## [What to do]
Beginning at the line that contains "艺术,绘画,动漫,人物,少女,白发,肖像,红眸,写真,美图" and finishing at the line that contains "- Short-sleeve, button-front", output the data below exactly. Include both end lines and no pictures.

## [Information shown]
- - - -
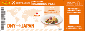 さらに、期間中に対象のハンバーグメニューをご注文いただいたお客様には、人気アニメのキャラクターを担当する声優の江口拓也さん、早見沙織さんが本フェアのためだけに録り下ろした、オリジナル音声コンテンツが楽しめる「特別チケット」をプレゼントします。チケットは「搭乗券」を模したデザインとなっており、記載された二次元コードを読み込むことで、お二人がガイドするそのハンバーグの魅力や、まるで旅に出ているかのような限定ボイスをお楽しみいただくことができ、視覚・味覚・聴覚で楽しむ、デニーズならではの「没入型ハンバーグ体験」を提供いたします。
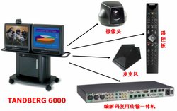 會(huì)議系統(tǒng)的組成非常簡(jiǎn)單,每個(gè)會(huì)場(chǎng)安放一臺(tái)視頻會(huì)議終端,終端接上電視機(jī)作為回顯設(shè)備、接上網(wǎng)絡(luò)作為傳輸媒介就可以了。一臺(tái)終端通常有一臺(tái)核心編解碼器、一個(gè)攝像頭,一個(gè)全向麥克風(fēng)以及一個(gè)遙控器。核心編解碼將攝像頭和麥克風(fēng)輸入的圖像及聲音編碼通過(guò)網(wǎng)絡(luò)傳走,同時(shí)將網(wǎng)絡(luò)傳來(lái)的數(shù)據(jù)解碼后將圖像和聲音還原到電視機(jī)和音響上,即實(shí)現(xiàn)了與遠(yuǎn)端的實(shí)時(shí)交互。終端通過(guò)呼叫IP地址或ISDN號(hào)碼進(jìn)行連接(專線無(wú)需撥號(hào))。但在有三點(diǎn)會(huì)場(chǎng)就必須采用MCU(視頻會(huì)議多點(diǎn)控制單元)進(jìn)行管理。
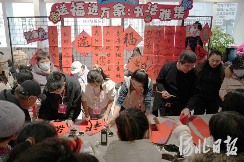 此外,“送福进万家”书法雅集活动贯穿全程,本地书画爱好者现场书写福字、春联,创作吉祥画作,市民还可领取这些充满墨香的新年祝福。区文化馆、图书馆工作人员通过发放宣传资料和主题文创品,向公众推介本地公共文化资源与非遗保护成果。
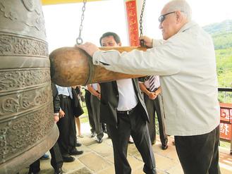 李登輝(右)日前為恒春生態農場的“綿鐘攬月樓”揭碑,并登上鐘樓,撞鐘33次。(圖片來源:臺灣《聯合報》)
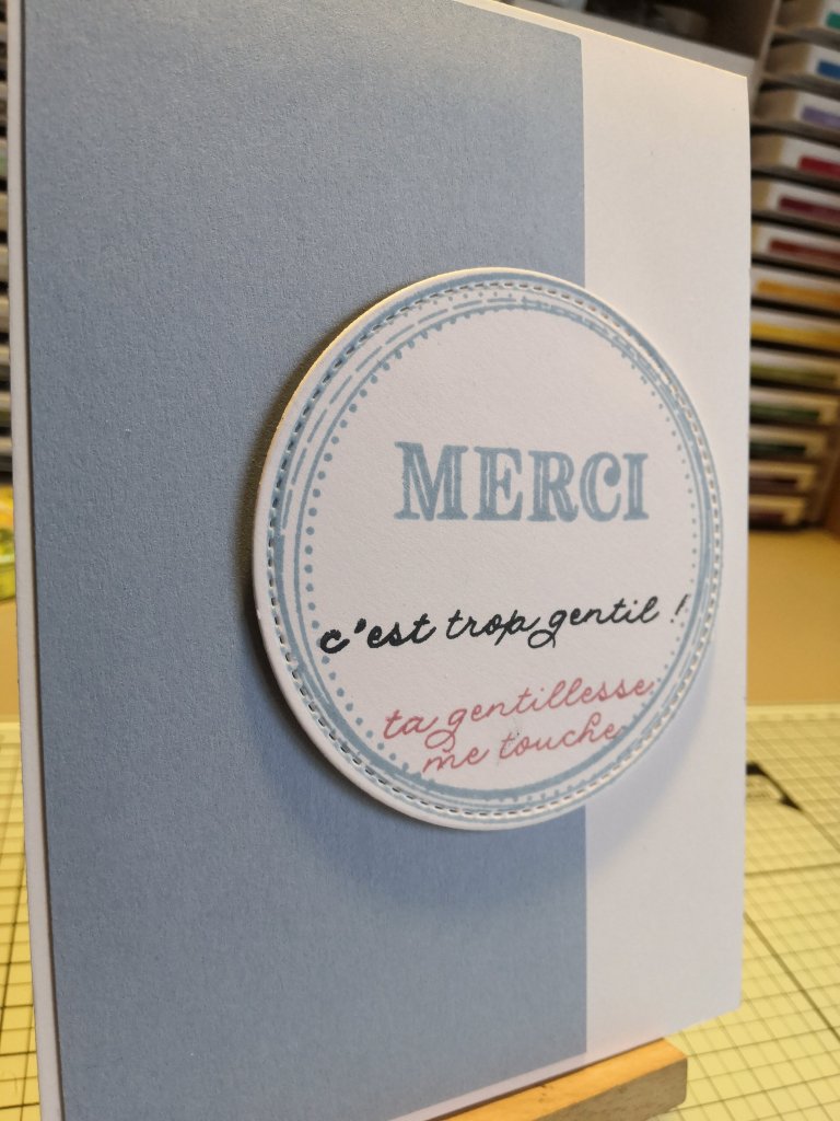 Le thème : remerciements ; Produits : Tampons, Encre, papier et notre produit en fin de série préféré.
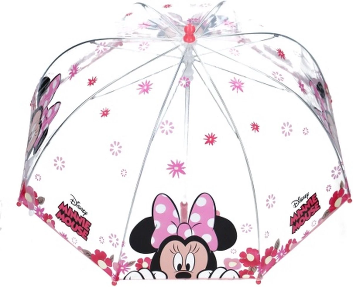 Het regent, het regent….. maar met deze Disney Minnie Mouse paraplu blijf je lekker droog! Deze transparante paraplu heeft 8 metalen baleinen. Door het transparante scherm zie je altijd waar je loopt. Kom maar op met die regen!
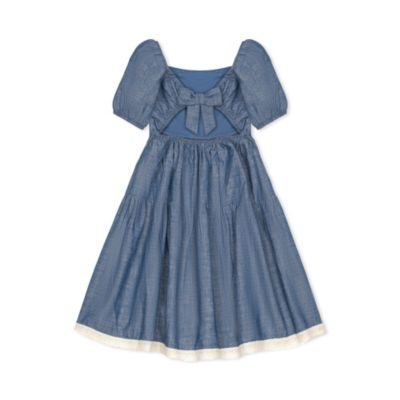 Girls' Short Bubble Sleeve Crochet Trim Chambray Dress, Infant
- - - -
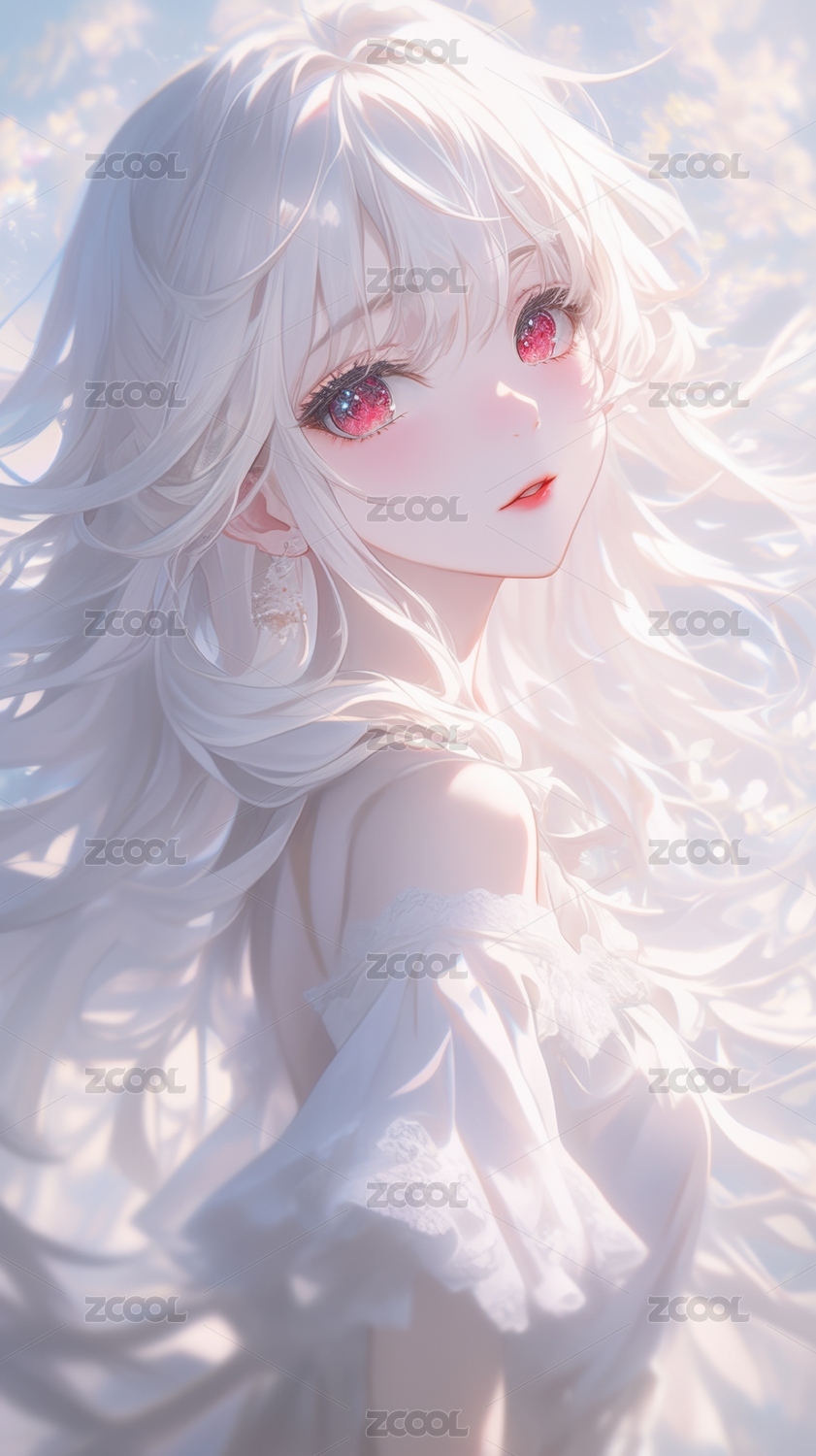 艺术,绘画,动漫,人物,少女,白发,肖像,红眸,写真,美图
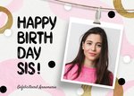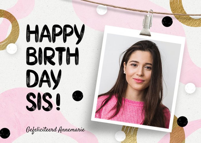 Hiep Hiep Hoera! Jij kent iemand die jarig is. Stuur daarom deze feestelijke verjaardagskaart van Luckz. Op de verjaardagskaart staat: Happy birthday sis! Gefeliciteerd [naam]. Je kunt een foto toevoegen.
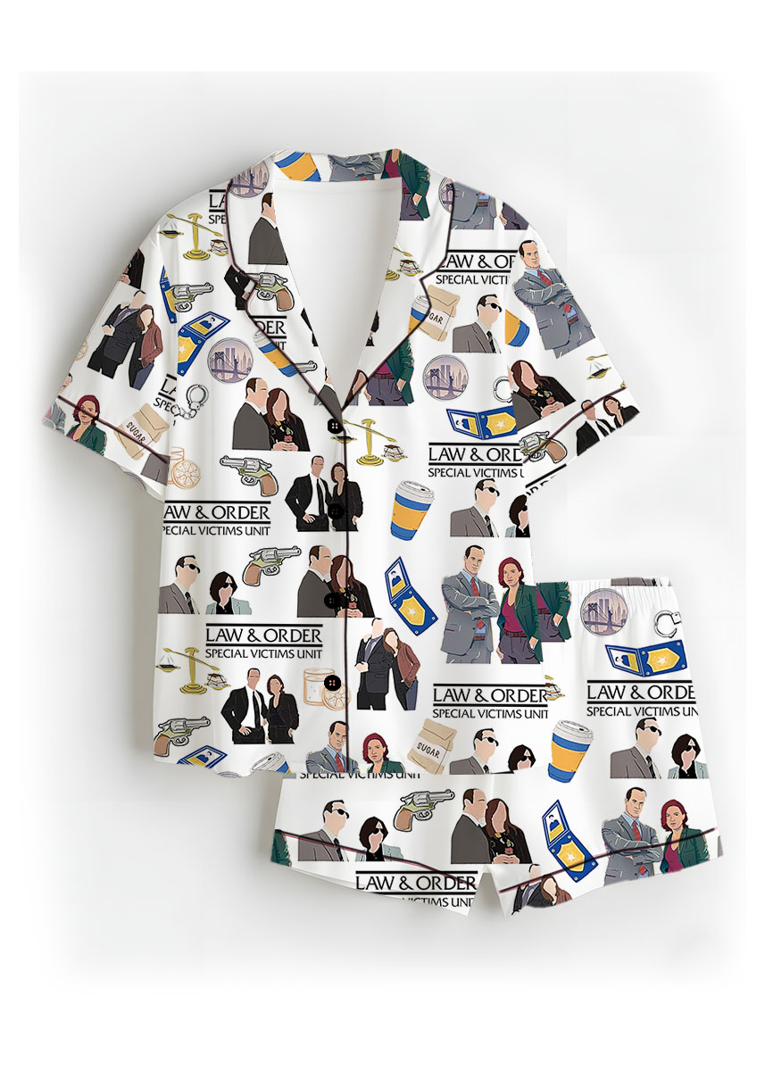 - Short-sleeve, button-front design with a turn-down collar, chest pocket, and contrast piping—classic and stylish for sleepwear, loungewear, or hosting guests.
- - - -
## [Response to the exercise]
 艺术,绘画,动漫,人物,少女,白发,肖像,红眸,写真,美图
 Hiep Hiep Hoera! Jij kent iemand die jarig is. Stuur daarom deze feestelijke verjaardagskaart van Luckz. Op de verjaardagskaart staat: Happy birthday sis! Gefeliciteerd [naam]. Je kunt een foto toevoegen.
 - Short-sleeve, button-front design with a turn-down collar, chest pocket, and contrast piping—classic and stylish for sleepwear, loungewear, or hosting guests.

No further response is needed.